The festival usually takes place the last weekend of March, during which the city is filled with French speakers and aficionados of French cinema. It is held at the historic Byrd Theatre. At the 2014 Festival, there were approximately 22,000 attendees/tickets sold.

According to Richmond.com, in 2024 the newly retired and emeriti founders of the festival "said it was the right time for the beloved festival to end."

== Festival ==

The festival is host to a variety of French films, both short and feature-length. to promote French language, cinema, and culture in the U.S. and in American educational institutions. French directors and starring actors engage the audience in question and answer sessions following the screening of their films.

The Festival is sponsored by the French Ministry of Foreign Affairs, Unifrance, l'ARP (French acronym for "Guild of French Directors and Producers"), and the SACD (a French acronym for "Guild of Authors, Composers and Directors"). The Community Idea Stations (PBS), as well as the TV channel TV5Monde also are partners of the festival.

The Byrd Theatre, rated by USA Today in 2011 as one of the best film palaces remaining in North America, is the annual venue for the Festival.
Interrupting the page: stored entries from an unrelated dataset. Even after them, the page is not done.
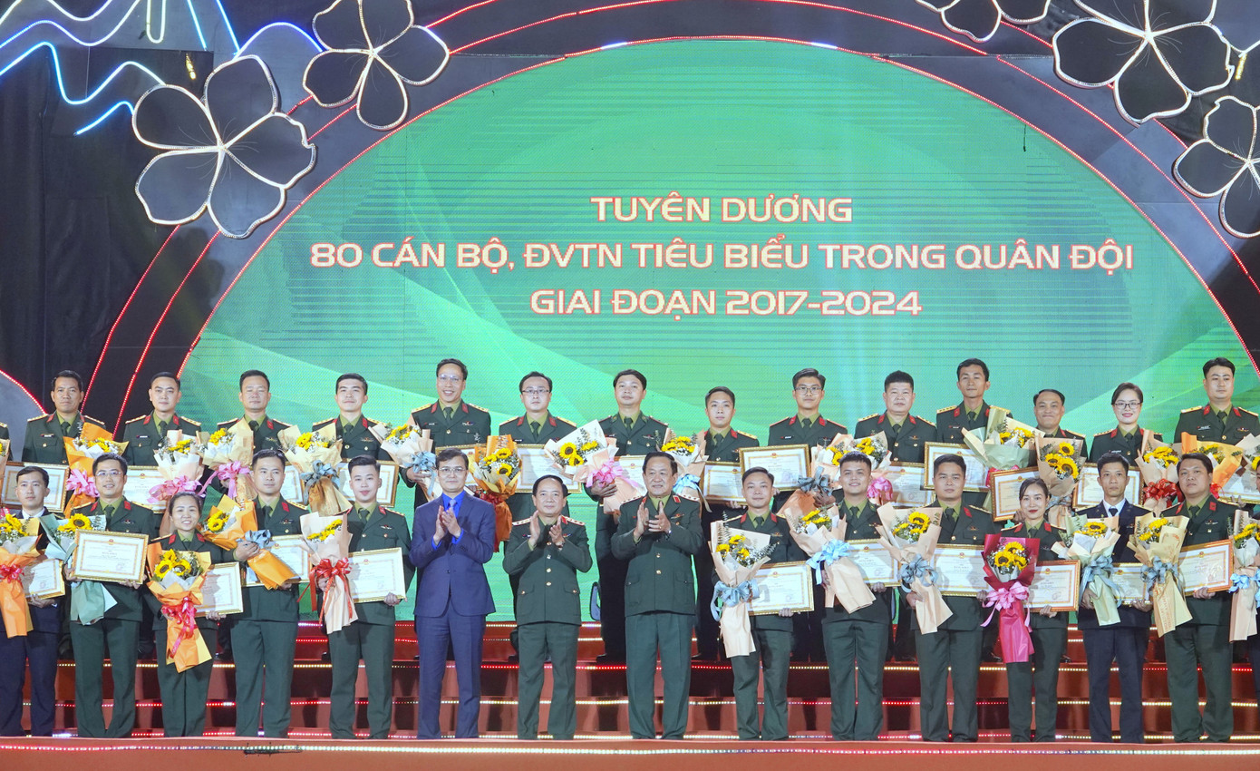 | Chủ nhiệm Tổng cục Chính trị QĐND Việt Nam Trịnh Văn Quyết, Thứ trưởng Bộ Quốc phòng Võ Minh Lương và Bí thư thứ nhất Trung ương Đoàn Bùi Quang Huy trao thưởng 80 cán bộ, đoàn viên thanh niên tiêu biểu trong hoạt động công tác Đoàn và phong trào thanh niên giai đoạn 2017-2024. |
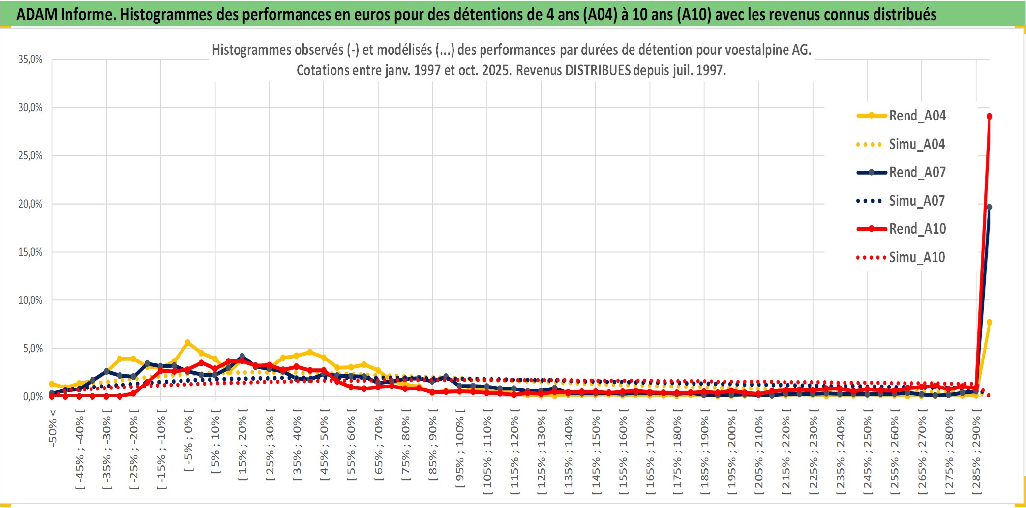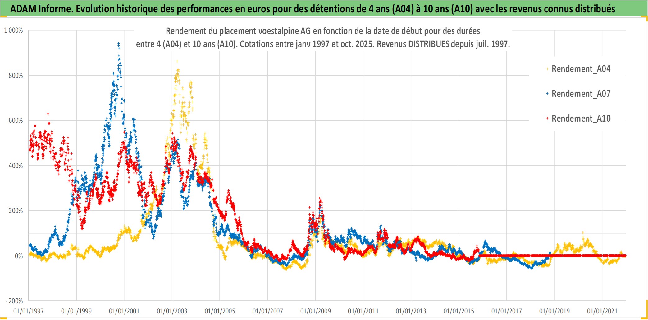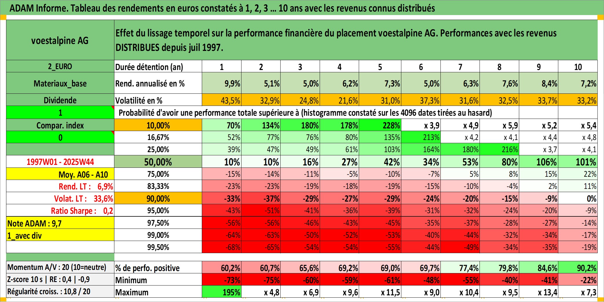 Site dédié aux investisseursPage dédiée sur site financeAnalyse des valorisations hebdomadaires de l'action voestalpine AG. Cet actif est cote en EUR. Les valorisations couvrent les semaines 1997W01 a 2025W44. Les revenus de cet actif financier sont pris en compte depuis la semaine 1997W28. La note globale ESG de cet actif est estimee a 6.0 (apres rebasage entre 0 et 20).
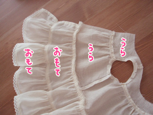 中表ですが、フリルの裏面と見頃の表面を合せて重ねます。
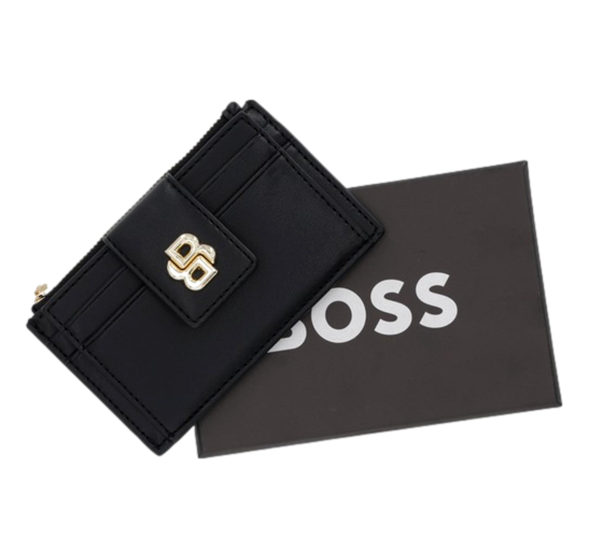 Portacarte in pelle nera con logo dorato – Eleganza e funzionalità firmate BB

Each year, the French Film Festival brings to the Byrd Theatre the very same technicians and projectionists responsible for the screenings at the International Cannes Film Festival, ensuring the highest quality of both sounds and images

== Programme ==

Each year, the festival showcases a selection of features, shorts and masterclasses in various sections:

- Feature and Short Selections – The main attraction of the festival
  - Feature Films Selection– A selection of around 15 US and world premieres of recently produced French features (fictions and documentaries) all presented by their directors, screenwriters or starring actors and screened at the Byrd Theatre.
  - Classics – A selection of a few award-winning restored French classics, also introduced by their director, cast or technicians.
  - Special Screenings – exclusive screenings of newly found and restored French silent films by the likes of Georges Méliès or the Lumière Brothers, lent to the Festival by the French Cinémathèque.
  - Short Films Selection – A selection of around 15 French short films screened at the Byrd Theatre and introduced by their directors and/or main actors.
- Master Classes – Each year, the festival organizes several master-classes with distinguished guests from its French delegation, each centered around one central theme as well as the guests's career. All master classes are free and open to the public and either take place at the University of Richmond or at the Byrd Theatre.

== Delegation ==

A large delegation of French directors, actors and producers of feature and short films come to the Festival each year to present their films and also interact with the audience through question-and-answer sessions after each showing.